I'm curious, is anyone aware of double blind tests that show a power cord makes a difference?


----------



## RTS100x5 (Sep 12, 2009)

My main point was really the peace of mind and dumping a cord that was unacceptable....that being said if you haven't tried a superior AC cord , your comments are unsupported by experience. :boxer:


----------



## bambino (Feb 21, 2010)

I've got a couple of the AC-9's and find them to be too stiff unless you have space to make allmost a straight run with them otherwise any loop or turn you make with it ends straining the socket on the component or the wall. If i were to buy again i'd go for the 14AWG one as it is more then sufficiant gauge wise to power most gear.:T

P.S. I also have a nice PS audio one for my AVR i didn't notice any differance in sound but the build quality beats out the the stocker that came with it.


----------



## htaddikt (May 14, 2007)

I think most people just want something substantial and well made. 
Some years ago I had a couple of cables, well the name had 'better' in the brand. At the time I was following a heated discussion about cables in general and that workmanship is the key over anything esoteric. I took one of these cables and stripped off the shrink-tubing from the connector ends. Unscrewed the barrels and saw some of the best examples of how not to solder I've ever seen. 
Since then, I never buy cables with jacketed connectors.


----------



## Ares (Nov 23, 2009)

Traded a 60GB PS3 mother board for an AudioQuest NRG-2 PC, have tried it on my PS3 and I see no difference in PQ or AQ but I will say the build quality is good so in my opinion I should have keep the board.....well live and learn.


----------



## htaddikt (May 14, 2007)

Well, good build quality means it will last and you have some assurance it was made correctly. Problem with blind studies of cables, etc. is that there is enough variability within individual systems so the same results can not be guaranteed.


----------



## Jungle Jack (Jul 28, 2009)

Hello,
I stopped using Aftermarket Power Cables over 8 years ago. I truly never noticed any difference, but completely respect those who enjoy them and or find benefit to them. The Power Cables I used were AQ that I got at huge discounts to where I could sell them and at worst come out even.
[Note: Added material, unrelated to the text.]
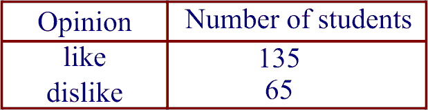 Q.7 To know the opinion of the students about the subject statistics, a survey of 200 students was conducted. The data is recorded in the following table.
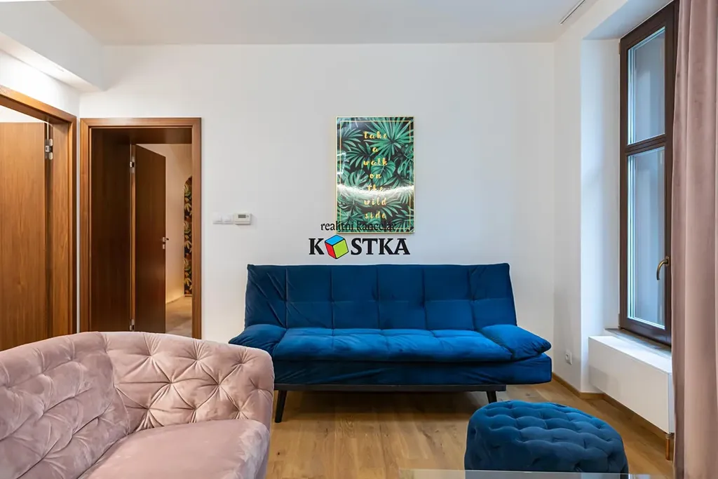 Apartmán / byt je o dispozici 2kk. Obývací pokoj s kuchyňským koutem je tak velký tak akorát, ložnice je prostorná s původní klenbou. V koupelně najdete sprchový kout a toaletu. Dubové podlahy, kvalitně vybavená koupelna a značkové spotřebiče v kuchyni .....zde se na ničem nešetřilo.

There is no doubt that PS Audio Power Cables look amazing as do others that use Hospital Grade Connectors.
And if your HT is completely to your liking including Acoustic Treatments, then I consider things like Power Cables. However, this is just the way I approach it and to each their own.
Cheers,
JJ


----------



## RTS100x5 (Sep 12, 2009)

Thanks JJ. My reasoning is like this - I wouldn't put $50 tires on my Ferrari.........hehe


----------



## htaddikt (May 14, 2007)

RTS100x5 said:


> Thanks JJ. My reasoning is like this - I wouldn't put $50 tires on my Ferrari.........hehe


Interesting analogy, but the difference in results 'at the first turn' would be even more dramatic!


----------



## Jungle Jack (Jul 28, 2009)

Hello,
Tires are far different to me. I use Michelin PS2's on my M45 and it has made a fantastic change from the OEM Michelin Pilot MXM4's. Tires make a profound and Measurable difference on the Performance of a Car. With AC Cables, the Wiring in most Houses leading to the Plug are not even Copper anymore. Instead using Aluminum. Again, all that matters is it makes one happy and adds to their experience. I have never been one to judge those who choose to use a great deal of expensive Cabling. 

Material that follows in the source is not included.